My ex wife passed me in a store while shopping with her guy friend. She left him in electronics and came back to introduce herself before she realized it was me. She ran her hands down my lapel slowly and asked what I was doing later. I told her to meet me. Come alone, I said. I gave her the address to the room in the Federal Building where my new friends were having their fun.

This old new fun has its dampers, though. I prefer to wear black every day. Cashmere or wool sport coat, black slacks, dress shirt. People on Chicago’s Southside see me outside in front of buildings and come, hand wringing, telling me about insurance woes and burial plots. Once I was leaning on a building casually and a long caddy pulled up slowly, windows down. I hit the ground before the first burble from the machine gun.

I stand outside of Catholic churches and old folks walk up and say, “Bless me father for I have sinned…” Middle aged Black women outside of the same pinch my cheeks and say “We gon’ get some CHANGES now.”

The only problem is that I cannot leave the continent. Airline travel, thanks to militias, terrorists and the TSA, necessitates that I dress like an overgrown newsboy in order to travel, and I won’t do that.

So until I can fly on a private jet (taking donations, ya’ll), and a former inamorata has made it clear I am so broke I am barely above homelessness and other destitution, I’m screwed.

I need some suggestions here, ya’ll. I’m trying to go back overseas, but I cannot revert back to my old, sloppy ways.

Anybody got a Gulfstream I can borrow?
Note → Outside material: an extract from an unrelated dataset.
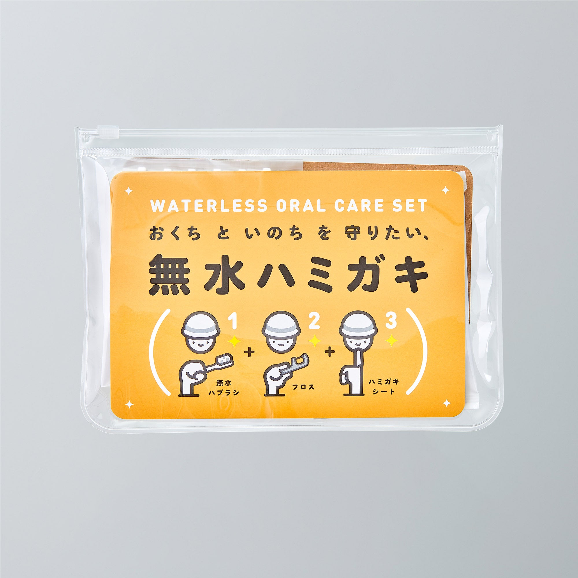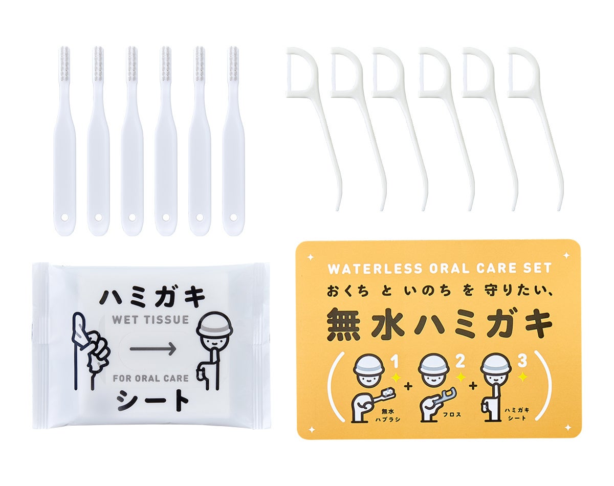 無水ハミガキセットは歯磨きとフロスで汚れを除去し、仕上げに水でゆすぐ代わりにハミガキシートで口腔内を拭うことで、水なしで通常生活での歯磨きと変わらないオーラルケアが完了する3ステップのセットになっています。

It’s hard marketing a book just in the continental US. Hell. Not just that, I’m ready to get out and start living again, and the US, Canada and Mexico ain't gonna get it.

1 comment:

  1. Mr. JD,

    I'm glad to see that the humor is in tact.

    Now if you think flying in the continental US is bad. Spare a thought for those of us who live OUTSIDE the US and are planning a trip in the near future TO the US!

    Since this latest incident, I've just decided to save myself a whole lot of problems for my upcoming trip back home. First of all, I'm mailing all my clothes and toiletries home - so I have no luggage to check. The only carry on stuff that I'm taking are my meds, my passport, one credit card, my iPod and my laptop. And lastly, to make the whole security process as easy as possible for me, TSA and the Federal police - I'm coming to the airport in a hospital gown and a pair of house slippers! It will be the sort of gown that opens up in the back. To preserve what little dignity I have left, I'll make sure to wear some grandma panties. No g-strings or naughty types.

    I'm hoping that as well as starting a new fashion trend, the airlines will be so happy with me dressing appropriately for the new age of flying, they will bump me up to first class!